▶ [Instructions to follow]
Transcribe exactly the lines below that begin at the line with "1.2ct Round Cut" and stop after the line with "lòng tôi lúc", leaving out every picture.

▶ [The input]
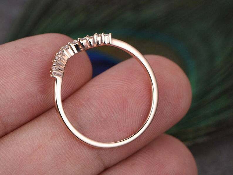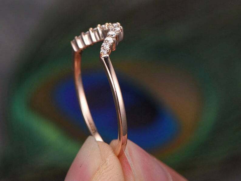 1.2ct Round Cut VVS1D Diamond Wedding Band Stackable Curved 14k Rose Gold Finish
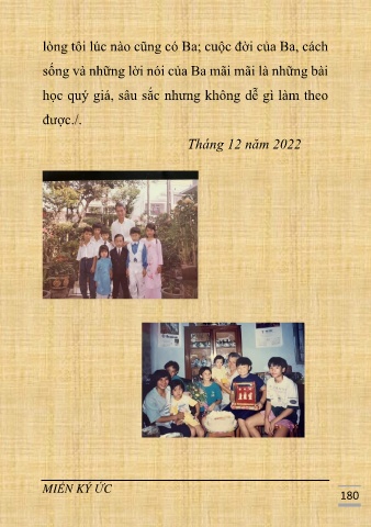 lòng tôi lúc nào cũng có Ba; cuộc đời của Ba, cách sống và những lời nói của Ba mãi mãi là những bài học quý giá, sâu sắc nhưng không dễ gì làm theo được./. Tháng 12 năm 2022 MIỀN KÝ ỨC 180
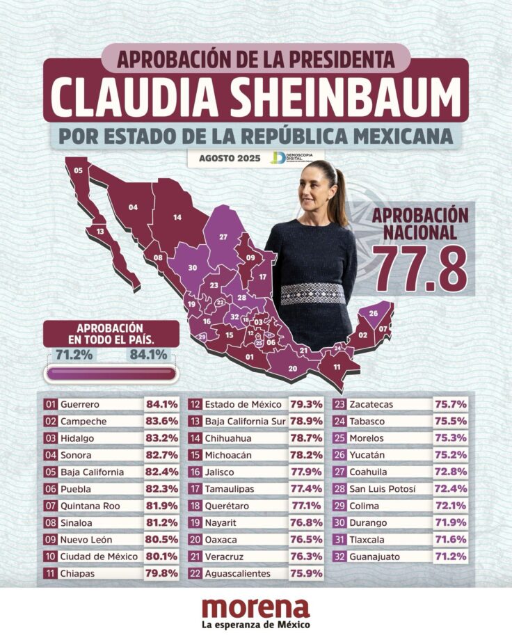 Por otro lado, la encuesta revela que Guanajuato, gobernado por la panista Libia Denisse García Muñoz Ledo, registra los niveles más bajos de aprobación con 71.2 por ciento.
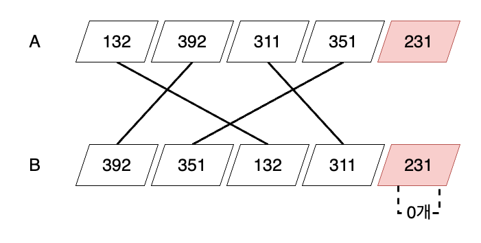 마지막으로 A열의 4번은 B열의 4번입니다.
---
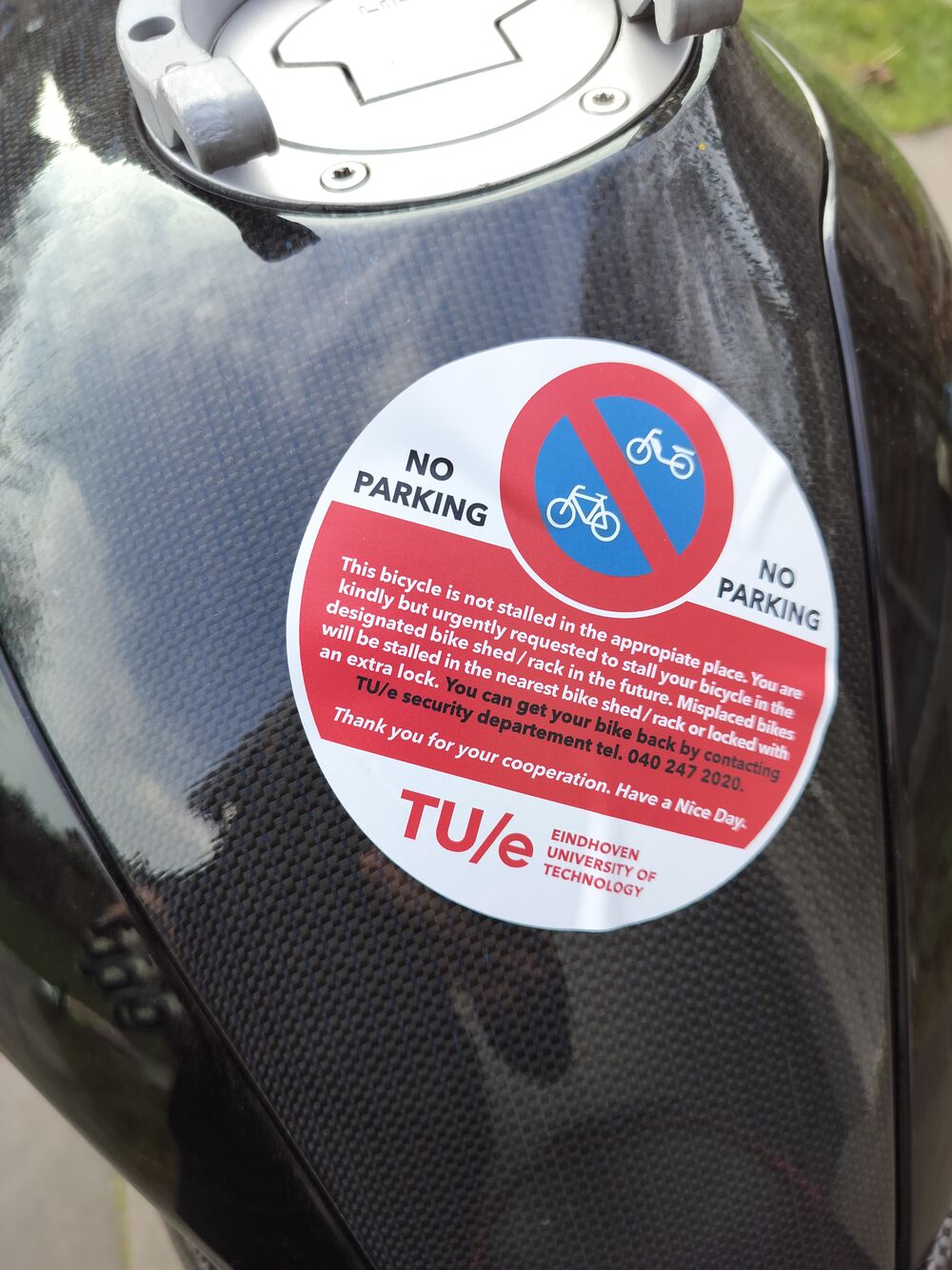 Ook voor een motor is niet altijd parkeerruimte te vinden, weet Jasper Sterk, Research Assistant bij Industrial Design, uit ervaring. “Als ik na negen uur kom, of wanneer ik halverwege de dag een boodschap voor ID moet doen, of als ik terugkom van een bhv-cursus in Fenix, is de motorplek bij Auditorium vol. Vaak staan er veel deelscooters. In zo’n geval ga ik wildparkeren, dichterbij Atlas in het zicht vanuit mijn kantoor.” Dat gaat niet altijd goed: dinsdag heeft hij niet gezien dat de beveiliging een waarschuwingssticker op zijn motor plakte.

▶ [Exercise response]
 1.2ct Round Cut VVS1D Diamond Wedding Band Stackable Curved 14k Rose Gold Finish
 lòng tôi lúc nào cũng có Ba; cuộc đời của Ba, cách sống và những lời nói của Ba mãi mãi là những bài học quý giá, sâu sắc nhưng không dễ gì làm theo được./. Tháng 12 năm 2022 MIỀN KÝ ỨC 180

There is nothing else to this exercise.